## Data segment:
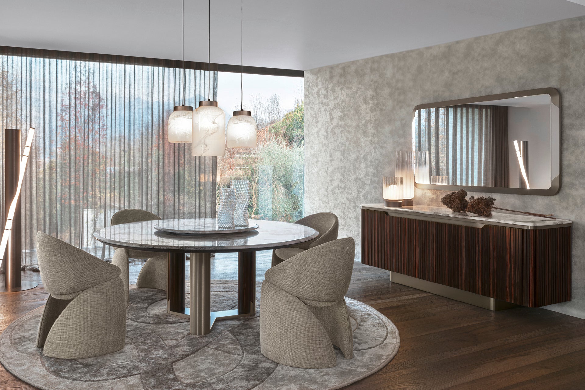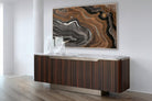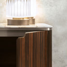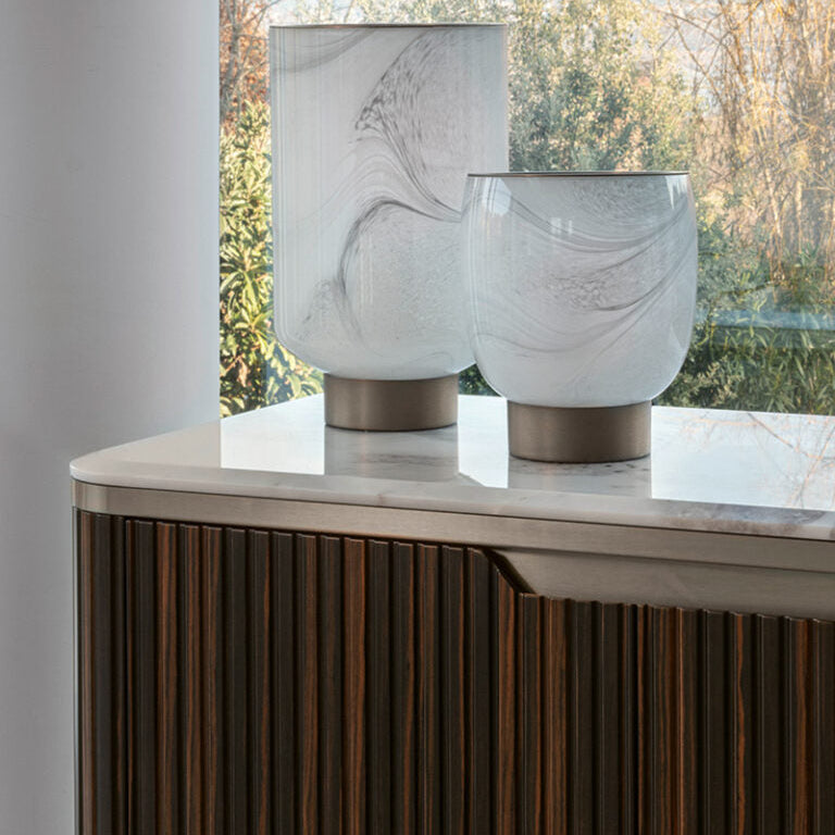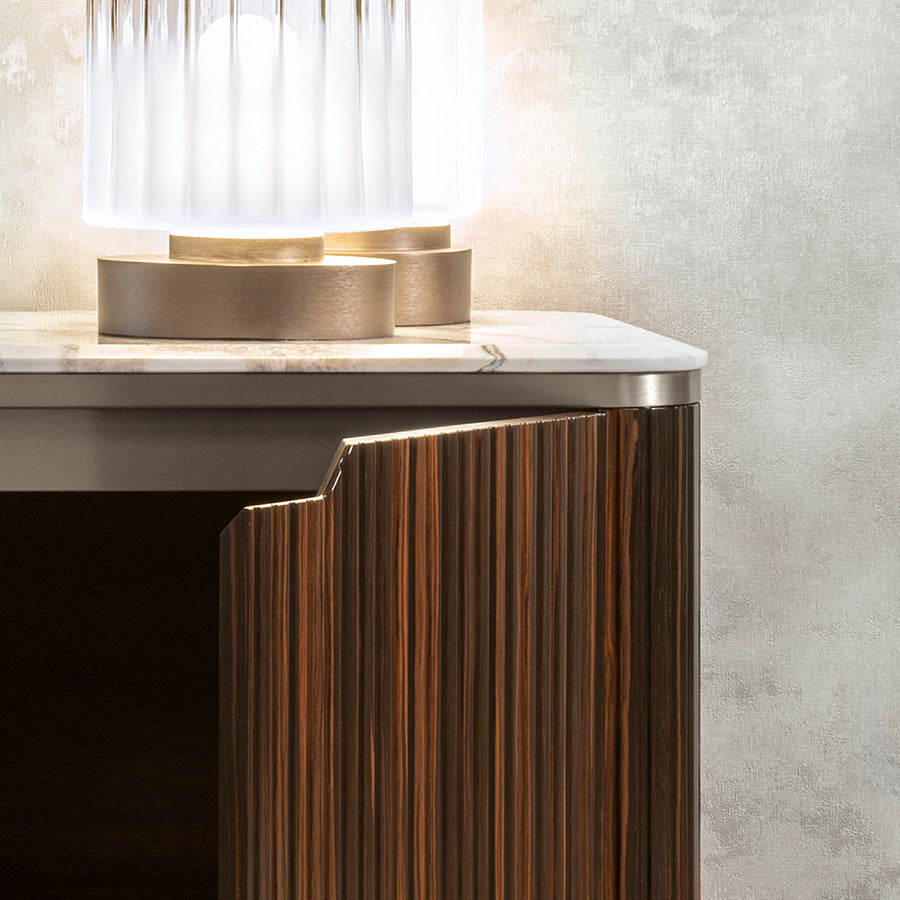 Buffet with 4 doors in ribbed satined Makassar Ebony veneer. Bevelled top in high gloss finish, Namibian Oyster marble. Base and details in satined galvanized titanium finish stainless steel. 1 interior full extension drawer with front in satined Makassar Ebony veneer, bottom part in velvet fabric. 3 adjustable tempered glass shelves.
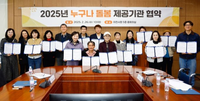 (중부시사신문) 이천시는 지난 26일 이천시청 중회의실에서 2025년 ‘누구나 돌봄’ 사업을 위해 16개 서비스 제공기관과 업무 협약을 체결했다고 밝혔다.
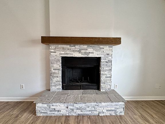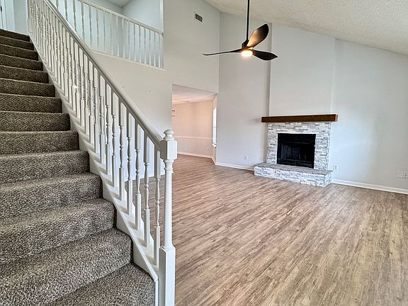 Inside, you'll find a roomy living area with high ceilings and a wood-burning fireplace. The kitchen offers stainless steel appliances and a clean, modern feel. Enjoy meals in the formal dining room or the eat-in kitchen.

## Work request:
Copy only this, please: the line with "(중부시사신문) 이천시는 지난" and every line after it through the end of the data, with no pictures.

## Result:
 (중부시사신문) 이천시는 지난 26일 이천시청 중회의실에서 2025년 ‘누구나 돌봄’ 사업을 위해 16개 서비스 제공기관과 업무 협약을 체결했다고 밝혔다.
 Inside, you'll find a roomy living area with high ceilings and a wood-burning fireplace. The kitchen offers stainless steel appliances and a clean, modern feel. Enjoy meals in the formal dining room or the eat-in kitchen.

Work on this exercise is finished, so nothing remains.